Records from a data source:
################
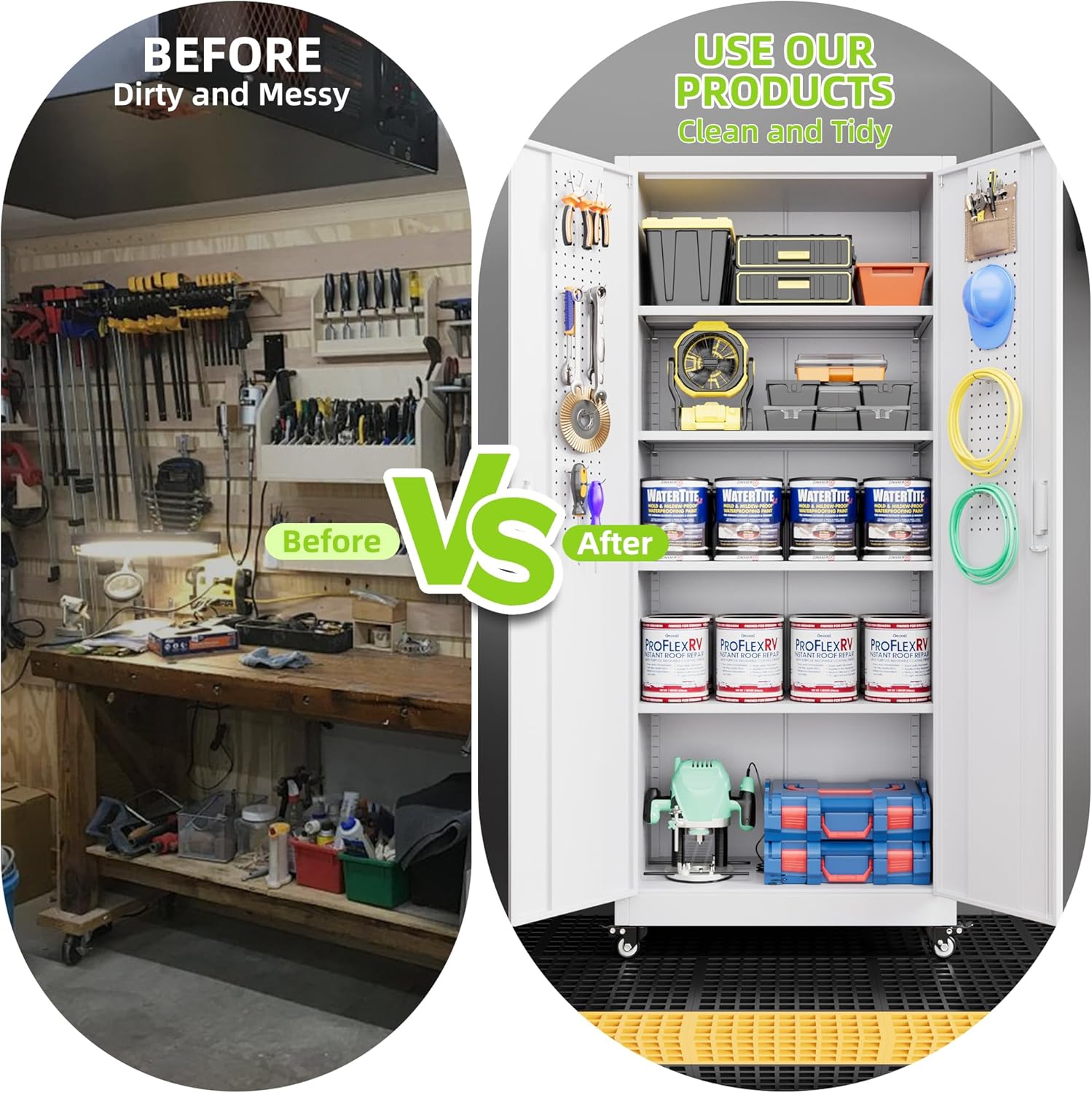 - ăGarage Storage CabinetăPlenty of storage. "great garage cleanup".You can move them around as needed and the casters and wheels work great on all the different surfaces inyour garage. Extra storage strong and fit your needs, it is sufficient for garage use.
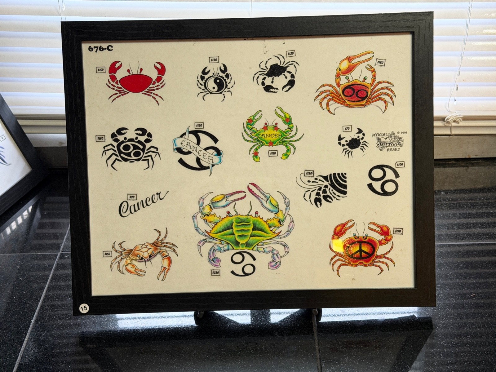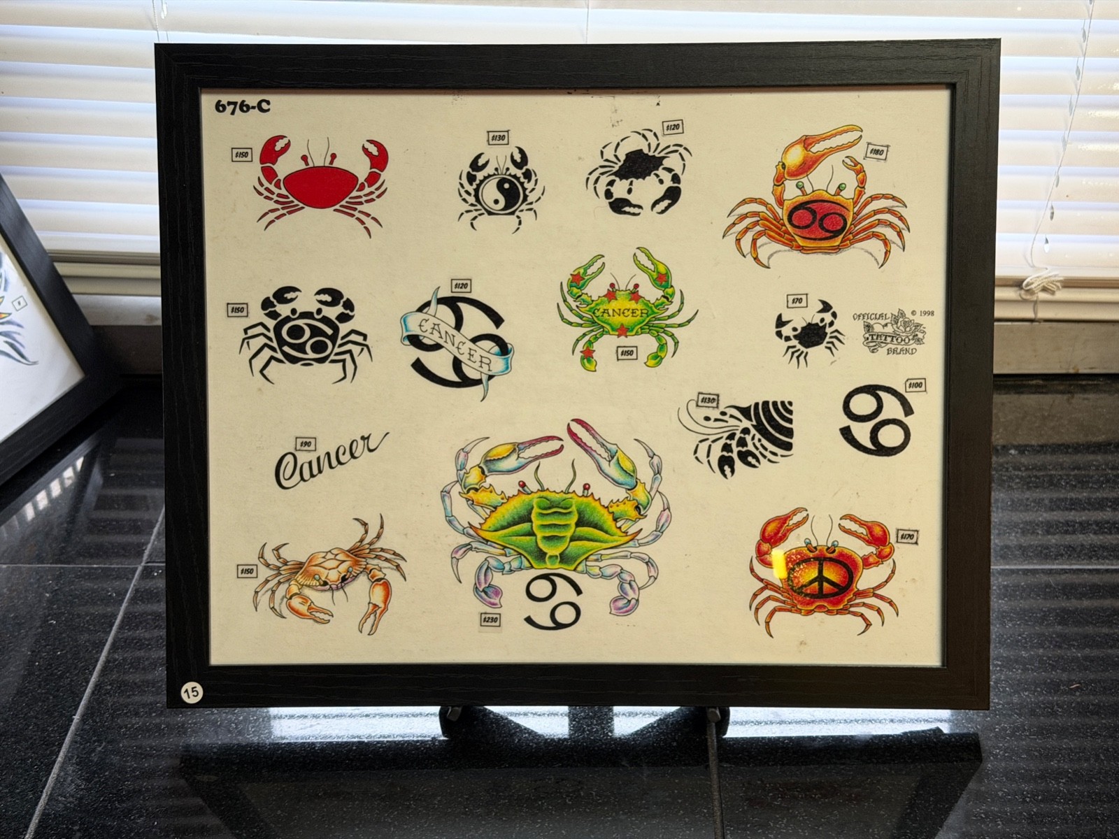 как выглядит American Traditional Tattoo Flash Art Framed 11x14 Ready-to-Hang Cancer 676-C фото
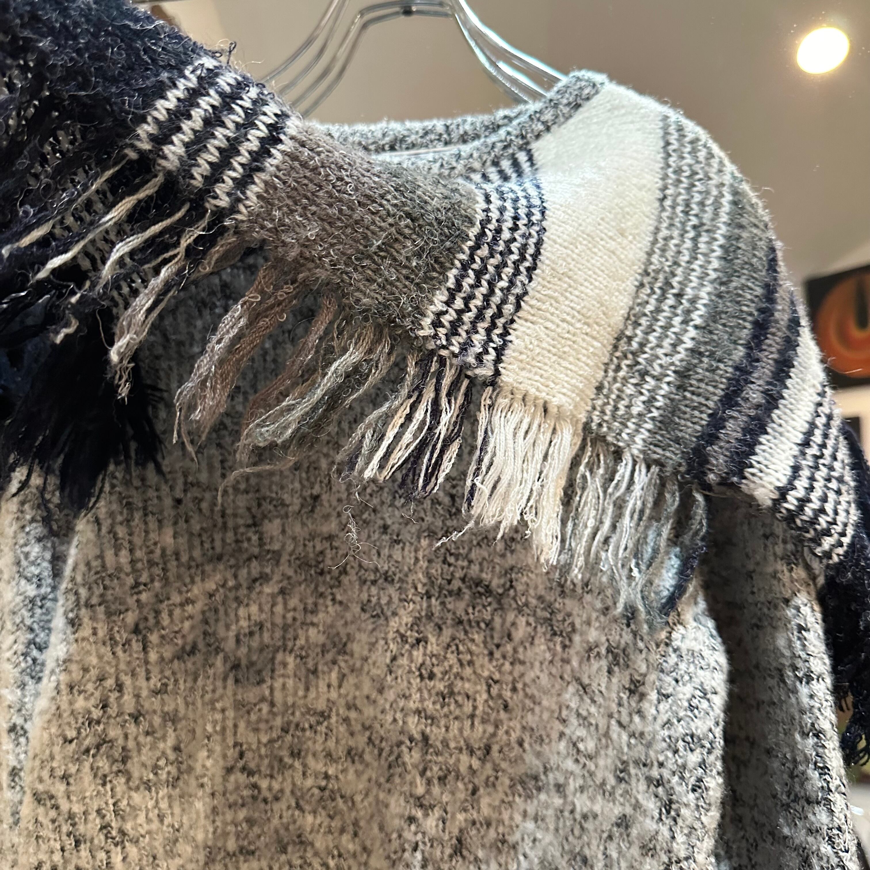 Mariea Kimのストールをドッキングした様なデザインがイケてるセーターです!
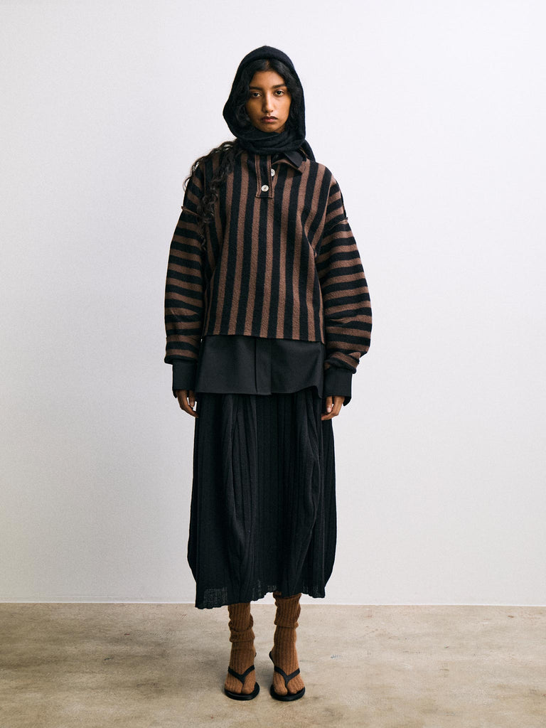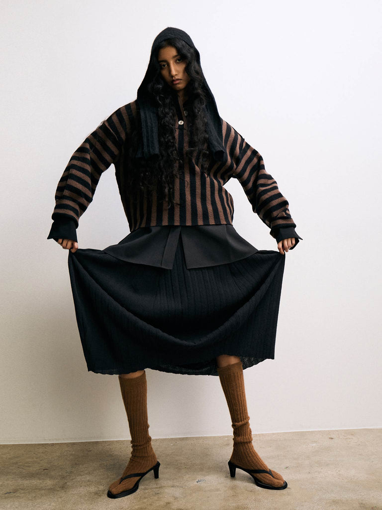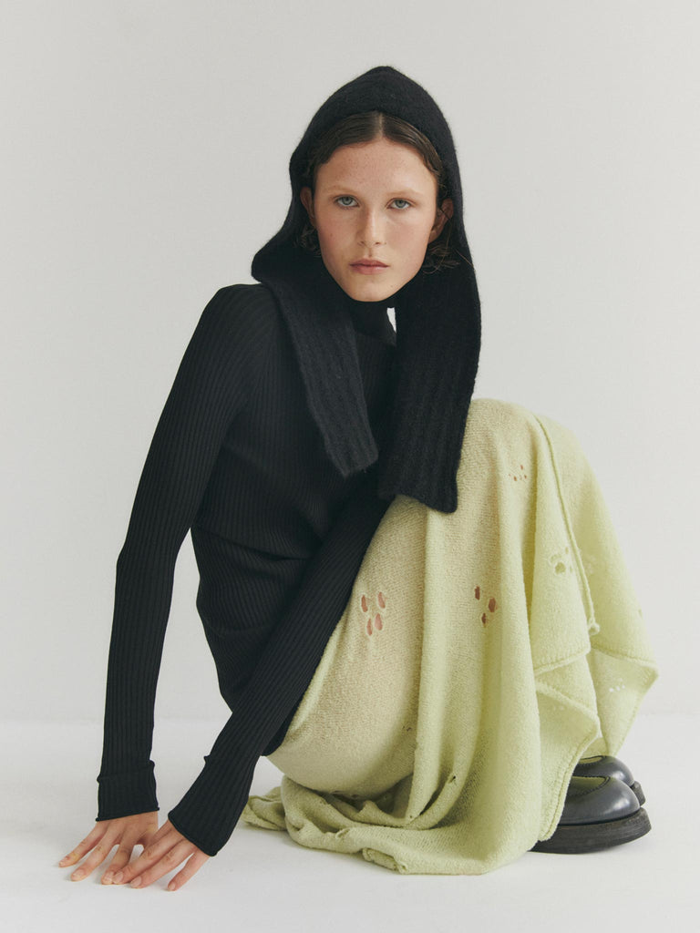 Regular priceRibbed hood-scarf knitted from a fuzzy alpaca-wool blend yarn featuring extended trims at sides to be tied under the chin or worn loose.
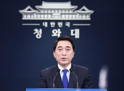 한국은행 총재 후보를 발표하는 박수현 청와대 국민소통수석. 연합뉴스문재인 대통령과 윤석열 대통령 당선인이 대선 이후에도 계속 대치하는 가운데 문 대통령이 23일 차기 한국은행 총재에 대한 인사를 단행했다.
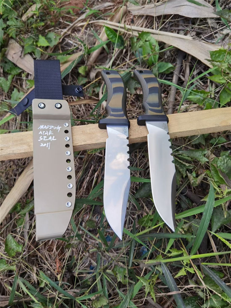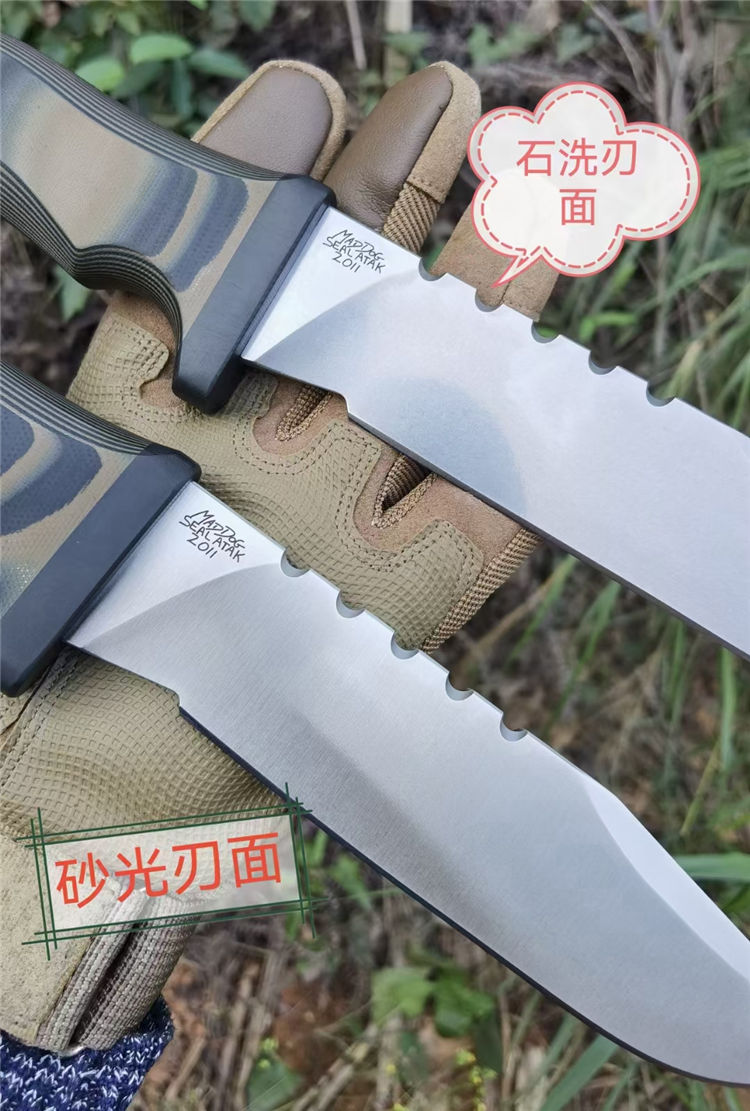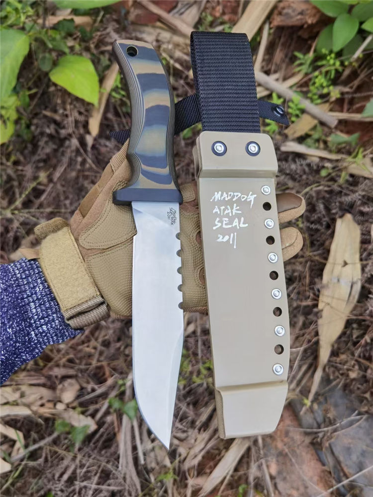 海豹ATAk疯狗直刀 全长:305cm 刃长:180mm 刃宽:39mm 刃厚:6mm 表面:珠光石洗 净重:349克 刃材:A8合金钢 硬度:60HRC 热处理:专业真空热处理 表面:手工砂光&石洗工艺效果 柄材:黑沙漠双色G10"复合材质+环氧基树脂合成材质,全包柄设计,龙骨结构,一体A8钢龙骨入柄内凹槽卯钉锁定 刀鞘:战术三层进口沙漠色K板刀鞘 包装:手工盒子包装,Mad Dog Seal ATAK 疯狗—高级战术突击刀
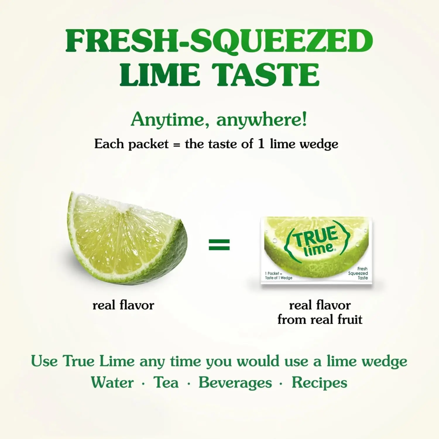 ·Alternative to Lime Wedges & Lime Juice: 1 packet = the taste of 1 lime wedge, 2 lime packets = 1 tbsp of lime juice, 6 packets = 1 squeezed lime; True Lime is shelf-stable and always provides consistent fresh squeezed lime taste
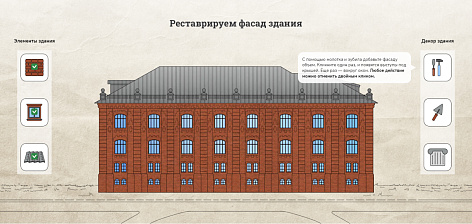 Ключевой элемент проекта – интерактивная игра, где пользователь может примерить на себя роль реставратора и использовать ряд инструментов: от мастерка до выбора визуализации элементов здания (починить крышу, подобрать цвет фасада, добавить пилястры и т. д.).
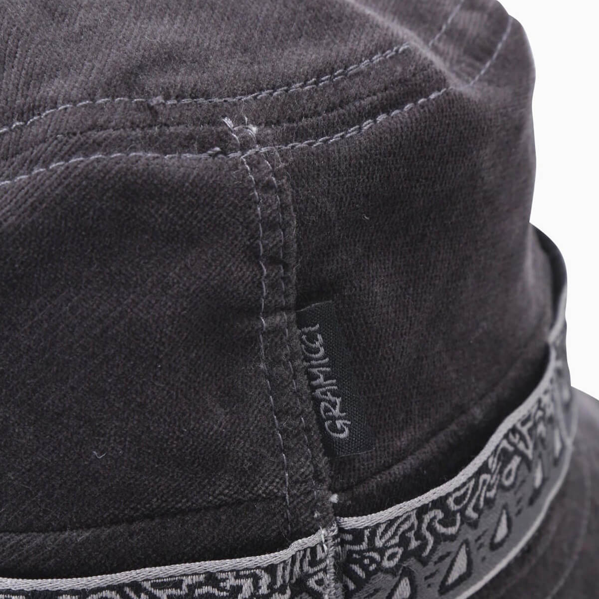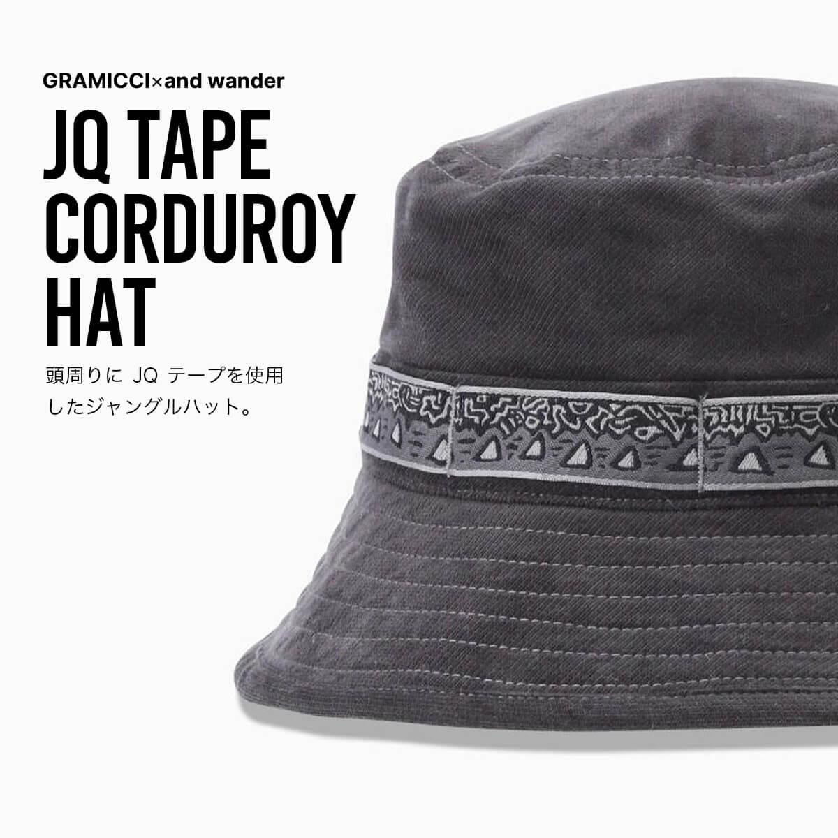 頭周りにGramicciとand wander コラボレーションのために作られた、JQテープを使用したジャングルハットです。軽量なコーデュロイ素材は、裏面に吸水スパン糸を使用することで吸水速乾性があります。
################
From the data above, return exactly the lines from the one with "海豹ATAk疯狗直刀 全长:305cm 刃长:180mm" up to and including the one with "Ключевой элемент проекта". Pictures do not go in the copy.

 海豹ATAk疯狗直刀 全长:305cm 刃长:180mm 刃宽:39mm 刃厚:6mm 表面:珠光石洗 净重:349克 刃材:A8合金钢 硬度:60HRC 热处理:专业真空热处理 表面:手工砂光&石洗工艺效果 柄材:黑沙漠双色G10"复合材质+环氧基树脂合成材质,全包柄设计,龙骨结构,一体A8钢龙骨入柄内凹槽卯钉锁定 刀鞘:战术三层进口沙漠色K板刀鞘 包装:手工盒子包装,Mad Dog Seal ATAK 疯狗—高级战术突击刀
 ·Alternative to Lime Wedges & Lime Juice: 1 packet = the taste of 1 lime wedge, 2 lime packets = 1 tbsp of lime juice, 6 packets = 1 squeezed lime; True Lime is shelf-stable and always provides consistent fresh squeezed lime taste
 Ключевой элемент проекта – интерактивная игра, где пользователь может примерить на себя роль реставратора и использовать ряд инструментов: от мастерка до выбора визуализации элементов здания (починить крышу, подобрать цвет фасада, добавить пилястры и т. д.).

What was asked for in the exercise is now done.